When news emerged that Gwyneth Paltrow had been diagnosed with osteopenia in her late 30s, it surprised many. A woman publicly associated with health-conscious living, diagnosed with lower-than-average bone density before the age of 40. It serves as a high-profile reminder that bone loss does not only affect the elderly — and that the factors driving it are often invisible until a scan or a fracture brings them to light.
- Osteopenia — reduced bone density that precedes osteoporosis — can develop in women in their 30s and 40s, well before menopause.
- Low body weight, a history of intensive dieting, vitamin D deficiency, hormonal changes and family history are among the most common risk factors for early bone loss.
- A DXA scan is the only reliable way to identify reduced bone density before a fracture occurs.
- With a structured, reversal-first clinical approach, measurable improvements in bone density are achievable for women diagnosed with early-onset osteopenia.
- Dietary and lifestyle changes support bone health — but they work best when combined with clinical assessment and monitoring.

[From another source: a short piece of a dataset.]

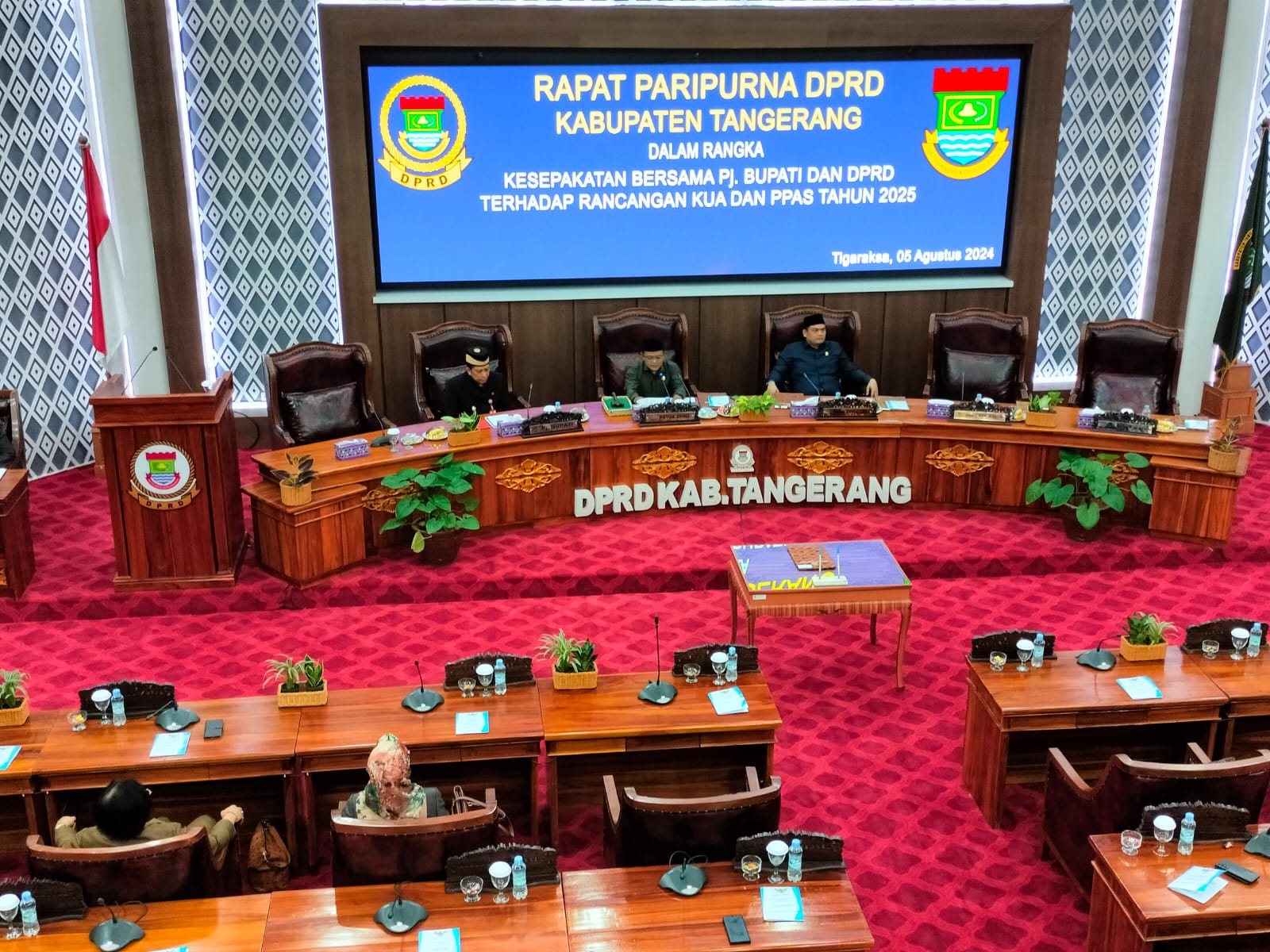 Beritabanten.com – Rapat Paripurna Dewan Perwakilan Rakyat Daerah (DPRD) Kabupaten Tangerang membahas kesepakatan bersama Pj Bupati dan DPRD tentang rancangan KUA dan PPAS 2025 digelar pada Senin 5 Agustus 2024.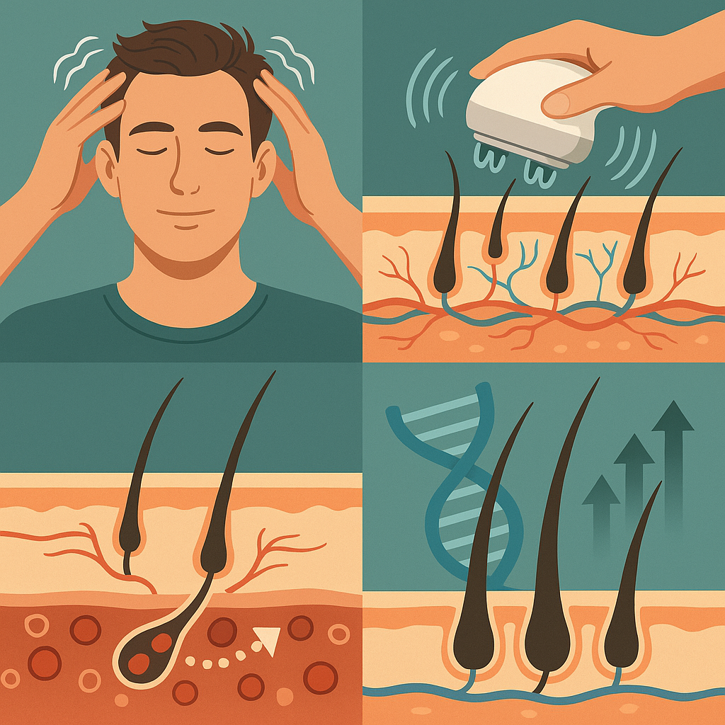 La plupart des études académiques parlent de massage plutôt que de “vibrations” au sens strict. Mais d’un point de vue biologique, les deux approches partagent un point commun essentiel : elles créent une stimulation mécanique contrôlée sur le cuir chevelu et les follicules.

At the London Osteoporosis Clinic, we frequently see women in their 30s and 40s who are surprised by a similar diagnosis. The assumption that osteoporosis and osteopenia are conditions of old age is one of the most persistent misconceptions in bone health — and one of the reasons why early bone loss goes undetected for so long. Here is what you should know about early-onset bone loss, why it happens, and what a structured clinical response looks like.
The diagnosis: osteopenia at 37
Paltrow has described undergoing a bone density scan following a tibial plateau fracture — a break at the upper end of the shin bone. The results, she has said publicly, showed bone density consistent with a post-menopausal woman, despite her being in her late 30s. Her doctors identified severely low vitamin D levels as a significant contributing factor.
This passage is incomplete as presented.